Мне, пятнадцатилетнему, поручили роль старца. Трагическую роль. Готовясь к спектаклю, я стал присматриваться ко всем старикам на улице, в трамвае, в кино. Я старался копировать их. И от репетиции к репетиции голос мой становился все более дребезжащим, спина сгибалась, ноги слабели и подкашивались. А когда я приклеил седую бороду и «потушил» взгляд (как бывает у стариков), то меня даже мать родная не узнала…

Успех был ошеломляющим. Зал аплодировал, друзья обнимали. А в сторонке, за кулисами, стоял Дмитрий Филиппович и пристально на меня смотрел. Я запомнил этот странный, как бы отсутствующий взгляд. О чем он думал в тот момент? Заглядывал ли в будущее или сожалел о прошлом? Кто знает!

Впрочем, сегодня, спустя много лет, мне кажется, я разгадал тайну этого взгляда. Строгий Дмитрий Филиппович, стоявший за кулисами, хотел, чтобы я запомнил: у всякого успеха есть две стороны — признание зрителя и признание учителя.
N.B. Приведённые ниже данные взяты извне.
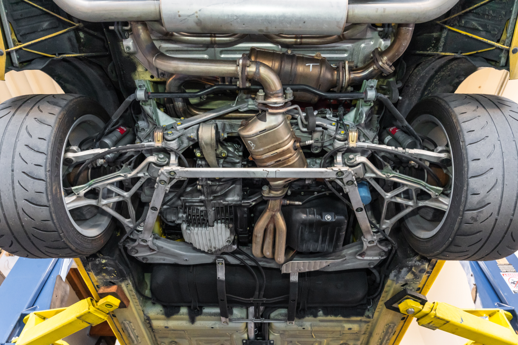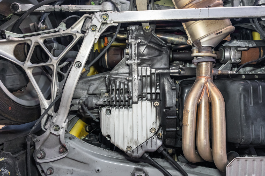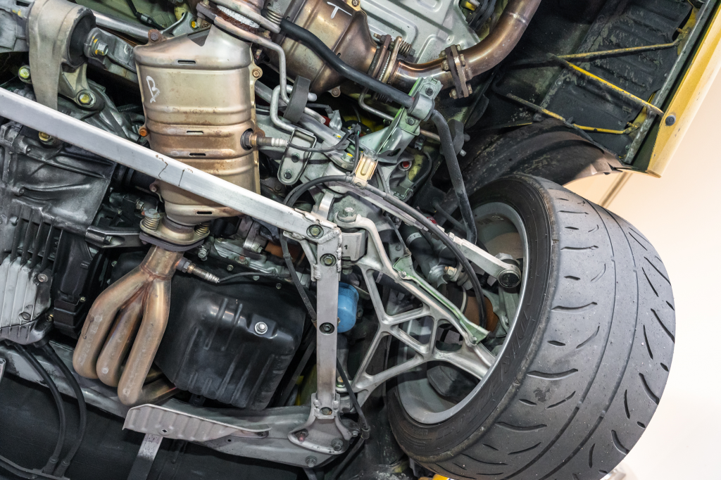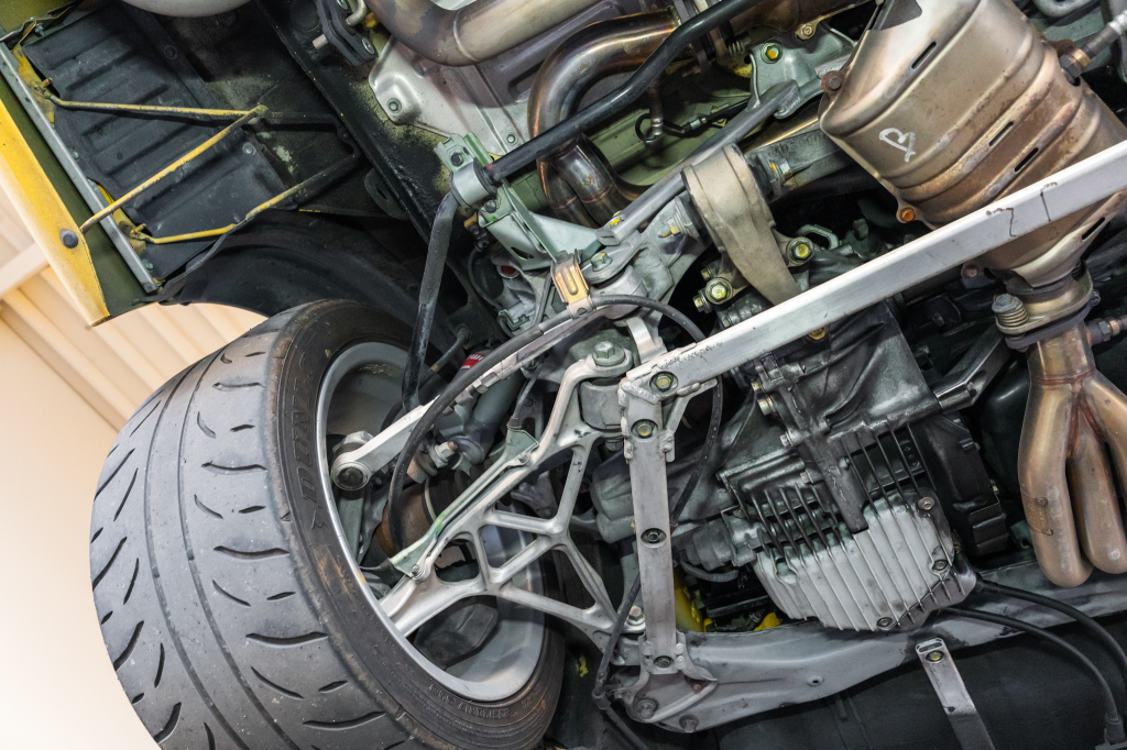 Power is routed to the rear wheels via a six-speed manual transaxle and a limited-slip differential. Replacement clutch hydraulic cylinders and a stainless-steel line were fitted in October 2024, and the transmission fluid was changed the following February.

Они не всегда совпадают.

Летом 1959 года я впервые увидел настоящих звезд кино. Живьем.

Популярные артисты выступали на городском стадионе, а мы, участники художественной самодеятельности, были у администрации на побегушках. Нам с Женей Безруковым здорово повезло: мы оказались у главного выхода на сцену и видели знаменитостей так близко, что даже могли их потрогать.